2.4. Refining the Rigid Body Configurations Using MC Minimization.
The top EMAP-scoring 2000 Ab/Ag configurations generated for each of the two independent searches were refined by a postdocking MC and minimization protocol using the standard CHARMM energy function and a united atom force field. Each of the 4000 configurations for a given Ab/Ag complex was minimized using adopted-basis Newton-Raphson for 200 steps excluding electrostatic interactions. Subsequently, the electrostatic interactions were included using a distance-dependent dielectric and the minimized configuration was subjected to 4000 steps of Metropolis MC72 at 300 K allowing two types of moves: (i) the ligand could move via rigid body translation up to 0.3 Å or (ii) torsion angles defined by side-chain atoms of close contact site residues (whose ligand and receptor heavy-atoms are separated by ≤5 Å) could be rotated by ≤30°. During the 4000 attempted MC moves, the ligand translation was attempted for 1/3 of the moves, while the torsion rotation was attempted for 2/3 of the moves. The resulting configuration was reminimized using adopted-basis Newton-Raphson for 300 steps including electrostatic interactions.
2.5. Measuring the Fit between the Docked and X-ray Structures.
To evaluate the quality of the docked configurations, we used CAPRI criteria, which employ three metrics, fnat, L_rms, and I_rms.32,73 fnat is the fraction of the native residue-residue contacts (where an Ab residue was considered to be in contact with an Ag residue if any of their atoms were within 5 Å) in the X-ray structure that is retained in the docked configuration.
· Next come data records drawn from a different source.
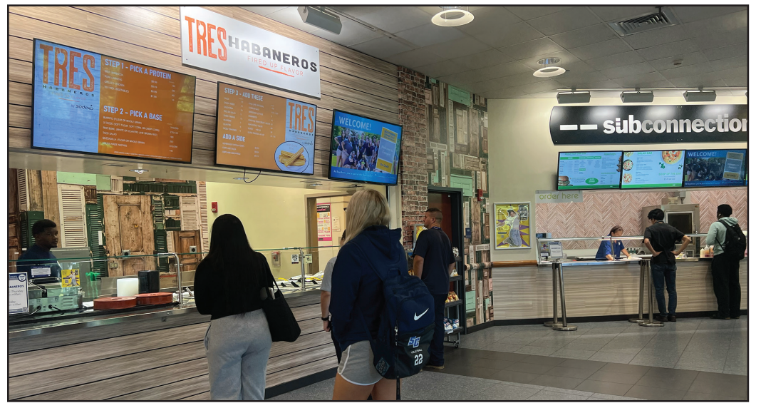
Students wait in line at some of the retail dining destinations, Tres Habaneros and SubConnection, in the Adanti Student Center Food Court on Sept. 15.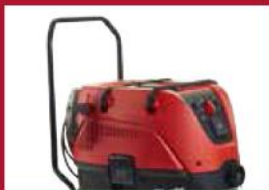
Trolley handle for convenient transportation onto the job site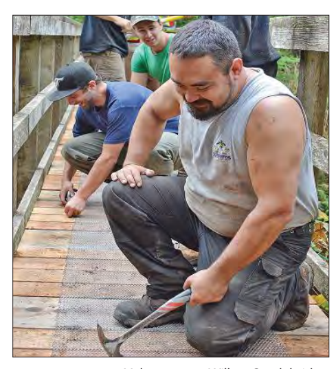
Volunteers on Willow Creek bridge.

If you would like to donate for a land management endowment for this special property, please call 604-924-9771 (toll free 1-866-288-7878) or visit our website www.naturetrust.bc.ca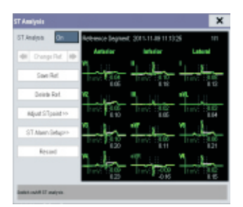
Up to 23 types of arrhythmia analysis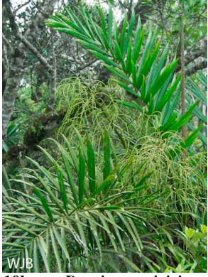
10b Dypsis marojejyi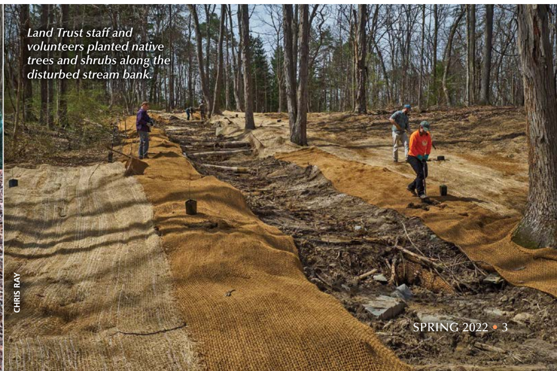
Land Trust staff and volunteers planted native trees and shrubs along the disturbed stream bank.

L_rms measures the overall geometric fit between the docked and X-ray structures by the root-mean-square deviation (RMSD) of the backbone (N, C, Ca, and O) atoms of the “ligand” (the smaller of the two proteins) in the docked structure from those in the respective X-ray structure after superposition of the backbone atoms of the larger proteins in the two structures using PyMOL. I_rms measures how the docked structure fits the X-ray structure in the interface region by the RMSD of the backbone atoms of the interface residues (defined as those with one or more heavy atoms within 10 Å of a heavy atom belonging to the other protein) in the docked structure from those in the respective X-ray structure after superposition of the backbone atoms of these residues in the two structures using PyMOL. We also calculated I_Ca-rms, which is the same as I_rms except that the superposition was performed only for the Ca atoms.42
2.6. Defining Native Conformations.
According to the CAPRI criteria, a docked configuration is deemed to be highly accurate if it retained half or more of the native residue-residue contacts in the X-ray structure (fnat ≥ 0.5) and the overall geometric or interface fit between the docked and X-ray structures is ≤1 Å (L_rms or I_rms ≤1 Å). It is deemed to be of medium accuracy if fnat is ≥0.5 but L_rms or I_rms is >1 Å, but if fnat is <0.5 but ≥0.3, then L_rms should be ≤5 Å or I_rms ≤2 Å. A docked configuration is considered to be “acceptable” if fnat is ≥0.3, L_rms >5 Å, and I_rms >2 Å, or if fnat is <0.3 but ≥0.1, then L_rms should be ≤10 Å or I_rms ≤4 Å. Docked configurations ranked as high or medium accuracy were defined as natives, while the remaining docked configurations were regarded as non-natives. These results were compared with those obtained by ZDOCK42 where a hit was defined as a docked structure with I_Ca-rms ≤ 2.5 Å.74
2.7. Training and Test Data Sets for SVM.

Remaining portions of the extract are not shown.